# Because it's so damn HOT outside....



## Rustycompass (Jun 25, 2006)

*just because....*


----------



## waterburybob (May 7, 2006)

I don't think she's going to make me feel cooler . . . .


----------



## Rustycompass (Jun 25, 2006)

But your in Conn. How hot could it be... :mrgreen:


----------



## Shipwreck (Jan 26, 2006)

waterburybob said:


> I don't think she's going to make me feel cooler . . . .
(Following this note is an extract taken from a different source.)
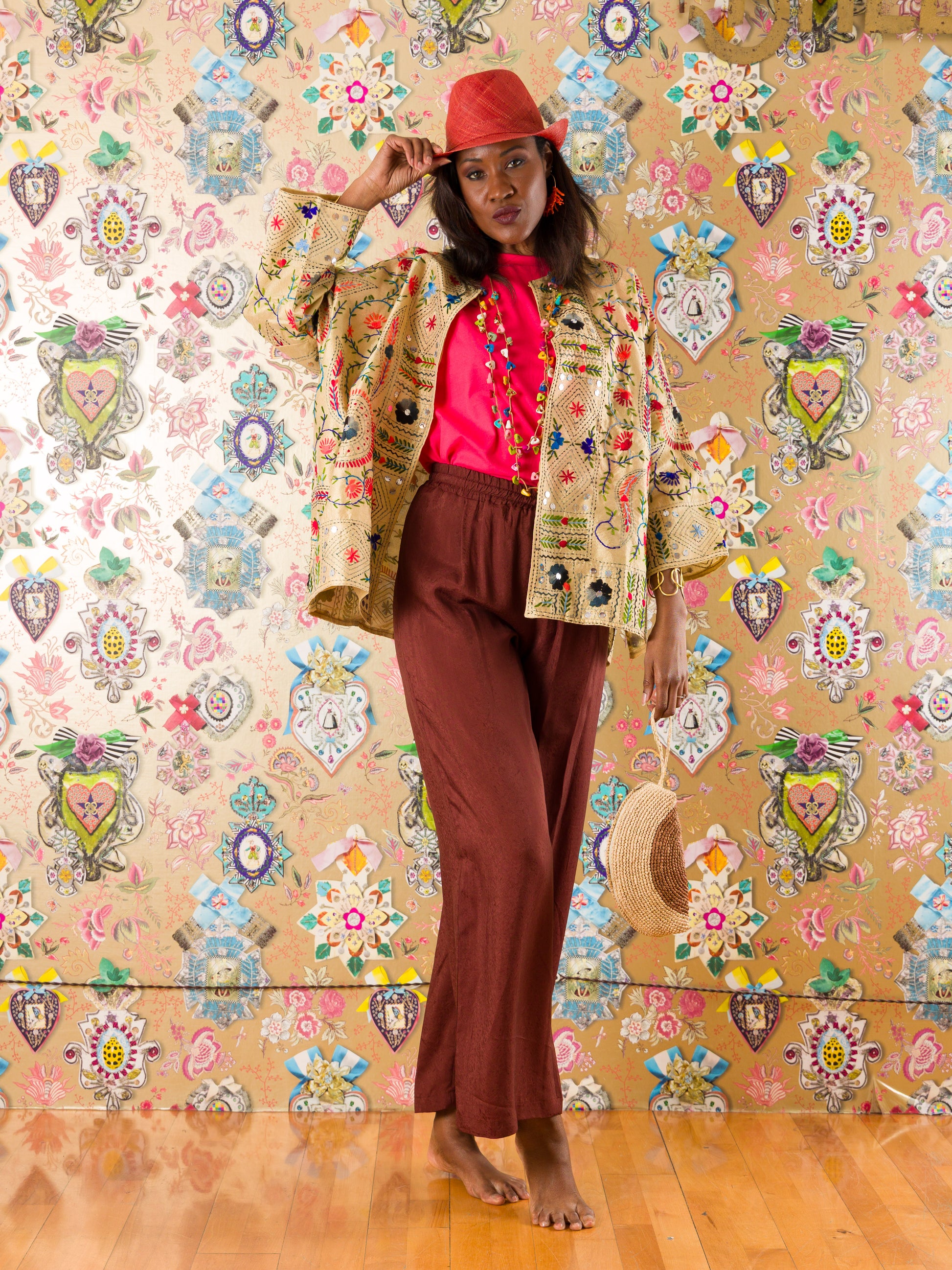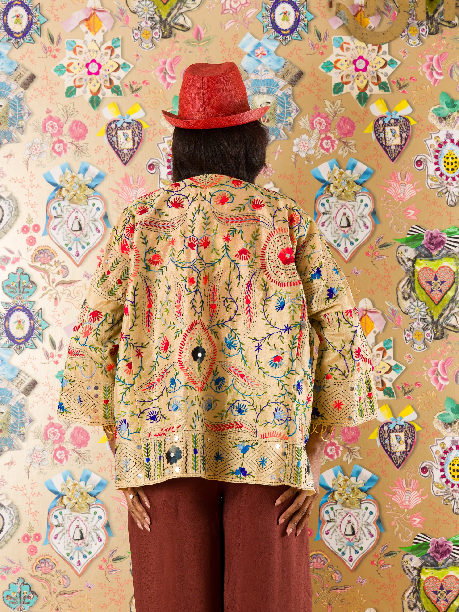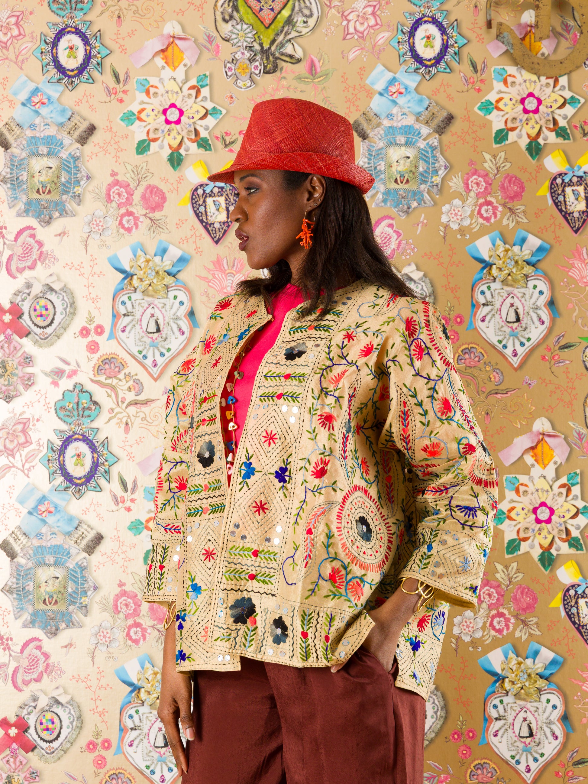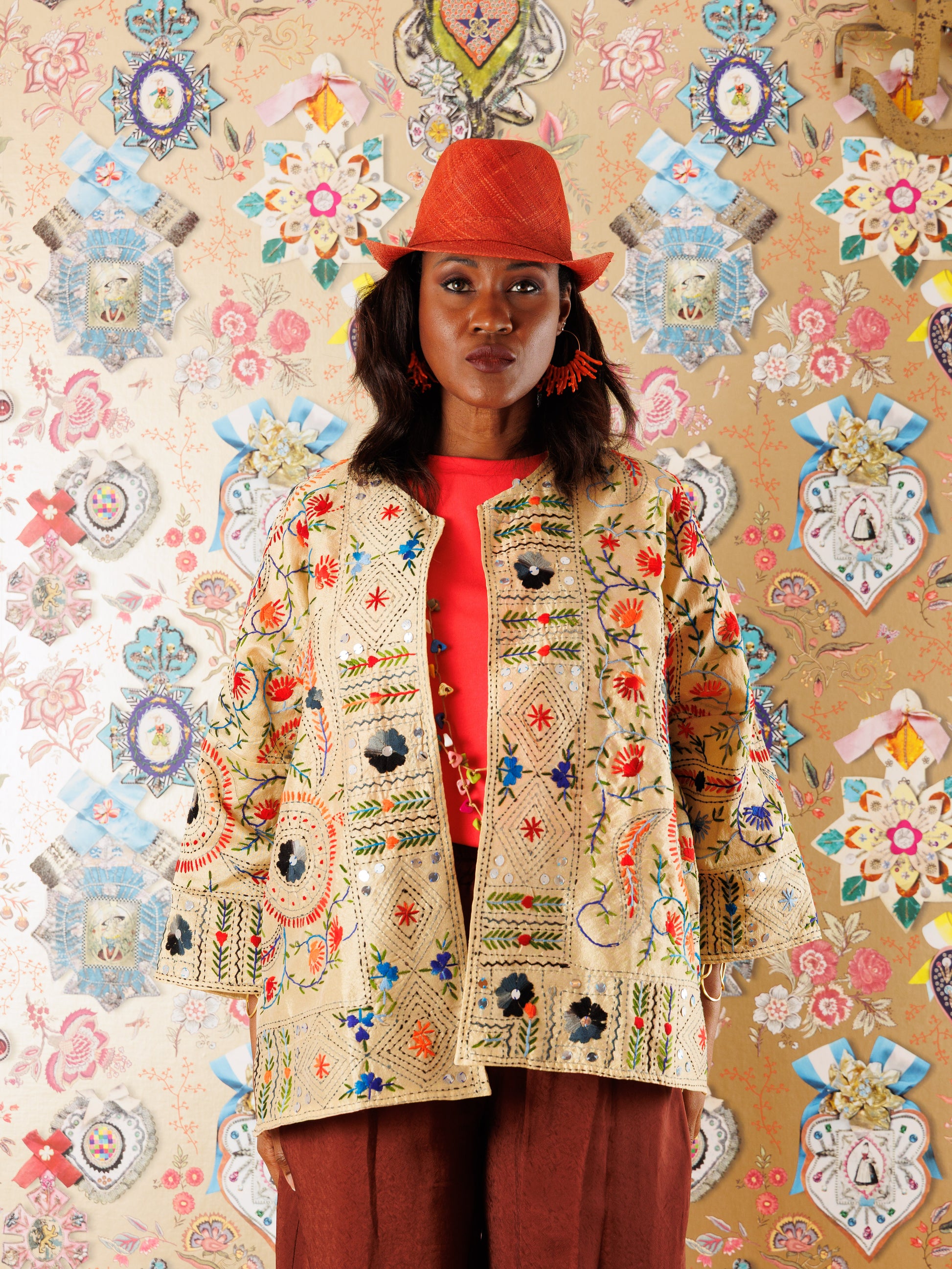Giacca in organza leggera e raffinata, impreziosita da ricami Madhubani autentici che rendono ogni pezzo unico e irripetibile. La silhouette ampia e squadrata regala comfort e eleganza, mentre gli spacchetti laterali aggiungono movimento e praticità. Chiusura frontale con gancio rivestito e maniche lunghe completano il design. Taglia unica, ideale fino alla 50. Un capo che unisce tradizione artigianale e contemporaneità, perfetto per chi ricerca originalità e qualità.

:smt082 :smt082 :smt082 :smt082 :smt082


----------



## waterburybob (May 7, 2006)

rustycompass said:


> But your in Conn. How hot could it be... :mrgreen:


It was only 95 today with high humidity.


----------



## Rustycompass (Jun 25, 2006)

wow. tuff crowd tonight... :mrgreen: :mrgreen: :mrgreen:


----------



## waterburybob (May 7, 2006)

I can't believe it was *114* in *South Dakota* over the weekend !


----------



## Charlie (May 13, 2006)

Yeah, it seems a little "heated" tonight smt082 ). I got the AC running full blast, tryin' to cover the floor with ice, got the fridge doors open, hosing down the room with water, blacked out all the windows so the sun wouldn't get through....and on and on. Think I'll go sit in the car with the AC on for a while. Be right back............................ :smt076


----------



## Rustycompass (Jun 25, 2006)

waterburybob said:


> I can't believe it was *114* in *South Dakota* over the weekend !


yeah thats crazy !!!
I'm surprized to hear it was 95 up by you in Conn. Unreal....Because that's about what it was for me down here in Florida but at least we had overcasts with rain & breezes today. Wasn't too bad ... well not as bad as alot of other places I guess.


----------



## Charlie (May 13, 2006)

Any hurricanes out there?


----------



## Rustycompass (Jun 25, 2006)

Charlie said:


> Any hurricanes out there?


SSSHHHHHHHHHHHHHHHHHHHHHHHHHHHHHHHHHHHHHH

X NAY ON THE URRICANE HAES


----------



## Charlie (May 13, 2006)

10-4


----------



## Guest (Jul 18, 2006)

rustycompass said:


>


My God.....what lovely bootie(s) she has.


----------



## -gunut- (May 8, 2006)

Hmm....makes you wonder....is that picture "Hot" or "Cool"?


----------



## 2400 (Feb 4, 2006)

-gunut- said:


> Hmm....makes you wonder....is that picture "Hot" or "Cool"?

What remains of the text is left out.